In the early hours of Sept. 14, a bizarre attack, the perpetrator of which is still officially unknown, hit at the heart of Saudi Aramco, the company that earns over half of Saudi Arabia's annual gross domestic product.

This drone-supported cruise missile attack not only demonstrated just how vulnerable Saudi Arabia, the world's largest oil exporter and the country with the highest defense spending per capita in the world, is to an asymmetric attack as such, but also shockingly revealed how a violent nonstate actor, if equipped with sophisticated military technology and expertise, can have an impact. No matter who the suspects — say, Iran-backed Houthi rebels in Yemen or Iran-backed proxies in Iraq — an analysis of the attack and its aftermath points to crucial changes on how armed conflict in the region is traditionally understood. 

The characteristic of the attack that made it so unusual is that although the targeted oil facility was a strategic military target, it was badly damaged through the use of a simple tactical design.

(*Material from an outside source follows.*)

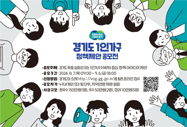 경기도가 9월 6일까지 1인가구를 위한 정책 아이디어를 제안받는 ‘경기도 1인가구 정책제안 공모전’을 개최한다.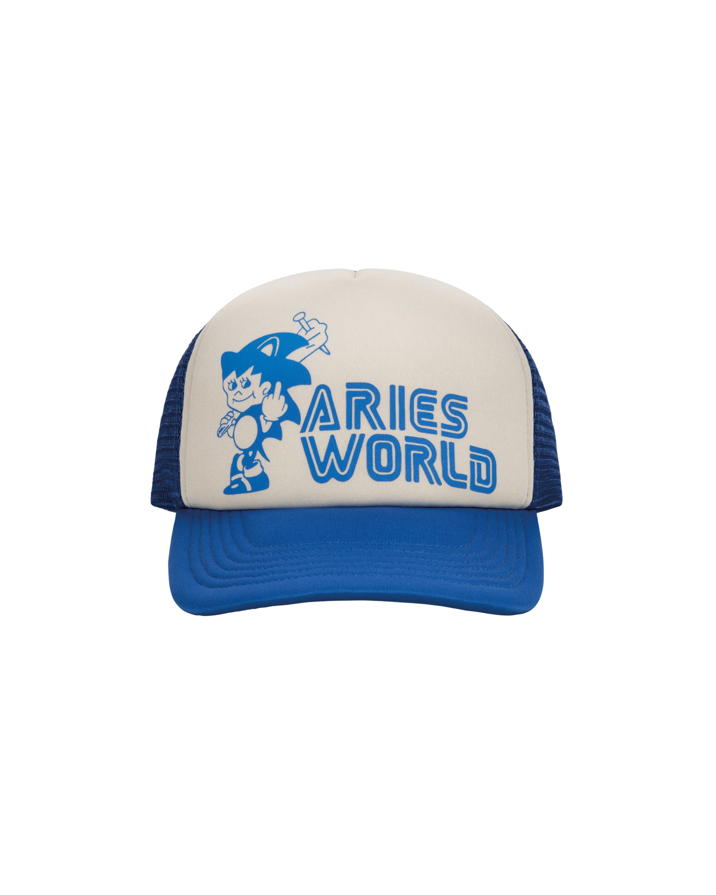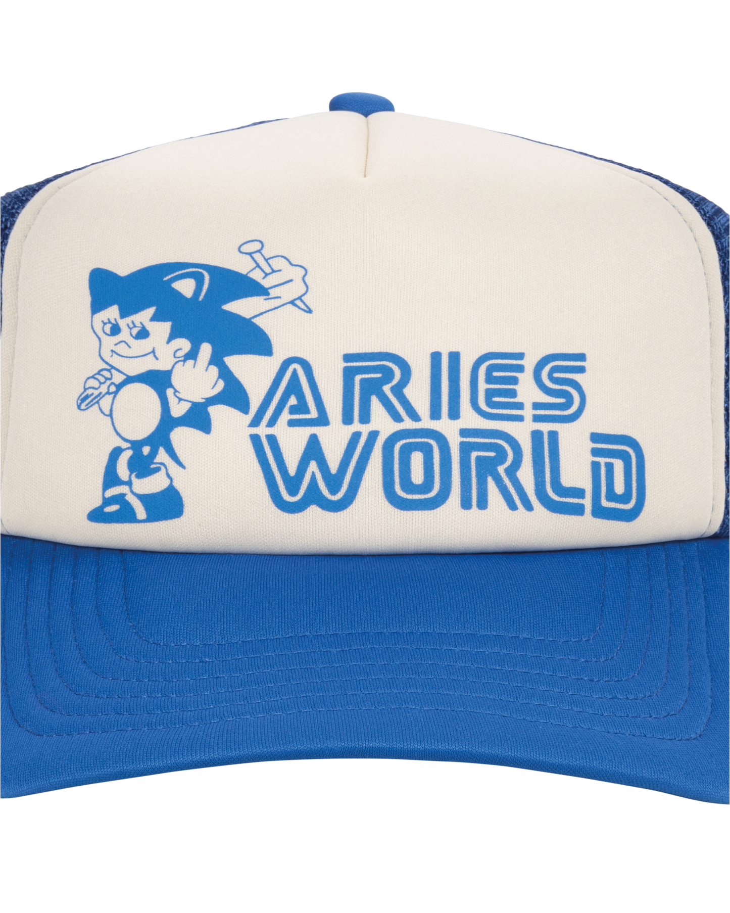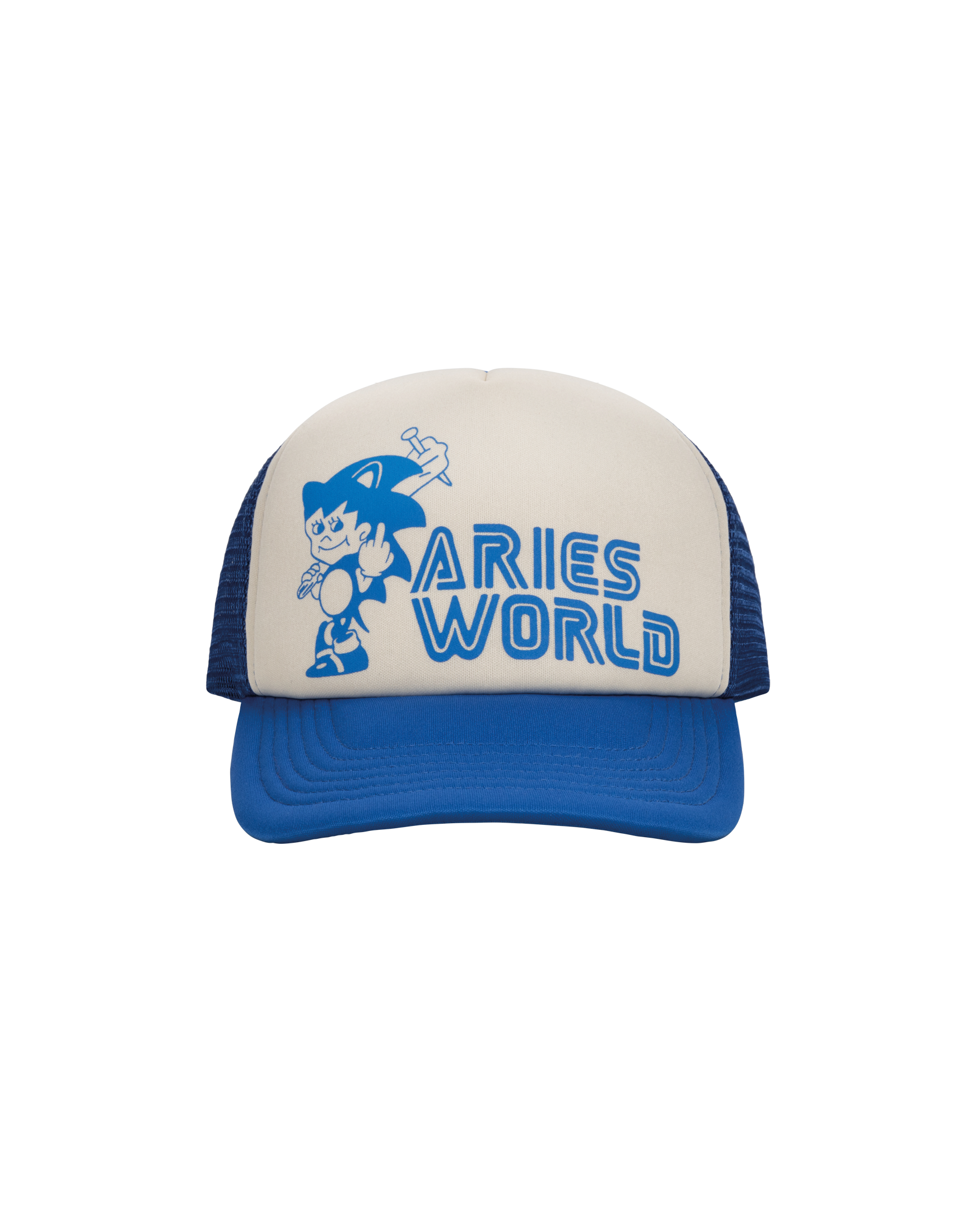 Classic trucker cap with Aries Sonico Cave Man graphic.

If the harm inflicted on Aramco targets had been done by a country’s task force of warplanes, it would be a “casus belli” — a reason for war. That is, the United States and Saudi Arabia would have definitely responded with a counter air attack. But when the perpetrator is not firmly identified, strategic numbness prevails. Saudi Arabia and the United States have been passive in the attack's aftermath, while also saying Iran is to blame.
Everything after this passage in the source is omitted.